Some other editors deleted the link I provided to the Robot Exclusion Standard (saying it is a "dead link", although I have no trouble accessing it), and then inserted the statement: "... however, the protocol is used against malware robots in general, which routinely scan the web for security vulnerabilities and email-address harvesters used by spammers. Archive.is does not obey the robot exclusion standard designed against spammers." I frankly don't understand these words. The Robot Exclusion Standard doesn't provide any protection against malware robots, nor against spammers. It is a voluntary standard that is used by responsible organizations to work together to avoid unintended interactions, among which are copyright violations (which of course are NOT discretionary).

So, I propose to trim the words about malware and spam, and just go back to the relevant and well-sourced statements about how archives use robot exclusion to avoid copyright infringement, and the well-sourced and undisputed fact that Archive.is does not honor this standard. I'll also add the requested citation for the DMCA.Weakestletter (talk) 21:57, 22 September 2013 (UTC)[reply]

By the way, as I was editing the article, I noticed that the words about malware and spam actually make no sense at all, because they say "the protocol is used against malware", and yet the cited reference says just the opposite: "...malware robots that scan the web for security vulnerabilities, and email address harvesters used by spammers will pay no attention. " These words signify that the protocol is NOT useful against malware or spammers. So those edits to the article are clearly not right. I've deleted them.Weakestletter (talk) 22:04, 22 September 2013 (UTC)[reply]
Yeah, that looks like a basic misunderstanding of what robots.txt actually does -- i.e. nothing by itself -- it is the robots that choose to act or not act on it. —  HELLKNOWZ  ▎TALK 22:58, 22 September 2013 (UTC)[reply]
The article seems to imply that pages are retrieved when someone requests that they be archived, and that archive.is doesn't retrieve pages en masse but singly when someone requests a page. If it's not crawling sites, it's debatable whether it's a bot.
If someone were to spider and republish the contents of a Web site, the mere absence of a robots.txt would make a poor defence against claims of copyright infringement. The Wikipedia article doesn't mention the word "copyright"--the protocol is not a way to give or withhold permission to republish.
The DMCA is a US law.
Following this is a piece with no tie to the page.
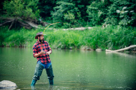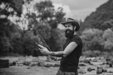 Hipster bearded man catching trout fish. Man with fishing rod, fisherman men in river water outdoor. Summer fishing hobby.
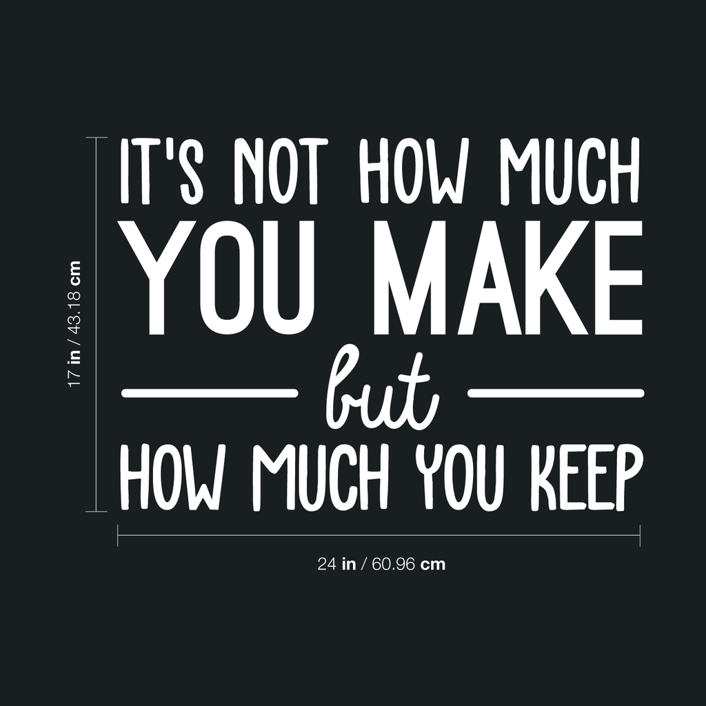 This awesome positive decal quote "It's Not How Much You Make But How Much You Keep"; is the perfect touch for your home or office. Use it for your bedroom; playroom; living room or anywhere you want to bring some extra positive decoration. It's a vinyl sticker that is easy to put on any smooth and dry surface. Our modern designs don't just brighten up the room; but brighten up the day. Using top of the line vinyl across all of our production allows us to be the leaders in quality and design.

The .is top-level domain suggests that archive.is may be in Iceland, which is not (yet) part of the United States. The DMCA makes exceptions for libraries and archives, so if archive.is does happen to be under US jurisdiction, it might be able to claim it is an archive, and republish without violating copyright. —rybec 01:15, 23 September 2013 (UTC)[reply]
It's certainly true that there's a difference between not honoring robot exclusion files and not honoring copyright. In theory, an archive service could try to contact each individual website owner and request permission to re-host their material. Strictly speaking, the copyright laws probably require this... but that would make web archiving almost impossible in practice. So, working in good faith, the responsible archivers (e.g., WayBack, WebCite) honor robot exclusion files. They advertise that if any copyright holder doesn't want their material archived, just place a robot exclusion file in the root directory, and they will respect your copyright and not re-host your material. If you don't, then the archives will take the absence of a robot file for tacit permission to archive your site. This isn't a perfect arrangement, and it's rather heavily biased in favor of the archives, but it's workable.
Now, an archiving service like Archive.is comes along, and says they do not honor robot exclusion files, and they will re-host any material they want to, even if there is a robot file saying the author does not give permission. That's a clear violation of copyright, and moreover, it is clear that Archive.is is not even attempting to honor copyright.
By the way, the DMCA does NOT allow archives to re-host copyrighted material. (Brick and mortar libraries obviously are allowed to loan out purchased paper copies of copyrighted material, but that is completely different, and even they are under strict prohibition against creating any new copies, beyond the physical copies they purchased.) In fact, the whole purpose of the DMCA take-down agreement is so that large sites can avoid prosecution for copyright violation IF they agree to promptly take down and de-link (and even remove from search results) any site that is re-hosting copyrighted material without permission.
One more comment - The fact that Archive.is is hosted outside the United States is not particularly relevant, because they are lobbying to be used as citations for Wikipedia articles (for example), and Wikipedia does business in the US, and strives to avoid violating US copyright laws. So the whole ostensible purpose of Archive.is is undermined by its failure (so far) to implement some effective means of honoring copyright law. Until it does so, I don't think it can be adopted by any reputable web site.Weakestletter (talk) 02:32, 24 September 2013 (UTC)[reply]
I see that the DMCA exemption for libraries and archives (look for section 404 at [1]) only allows the copied material to be used on the premises, not over the Internet:

any such copy or phonorecord that is reproduced in digital format is not otherwise distributed in that format and is not made available to the public in that format outside the premises of the library or archives.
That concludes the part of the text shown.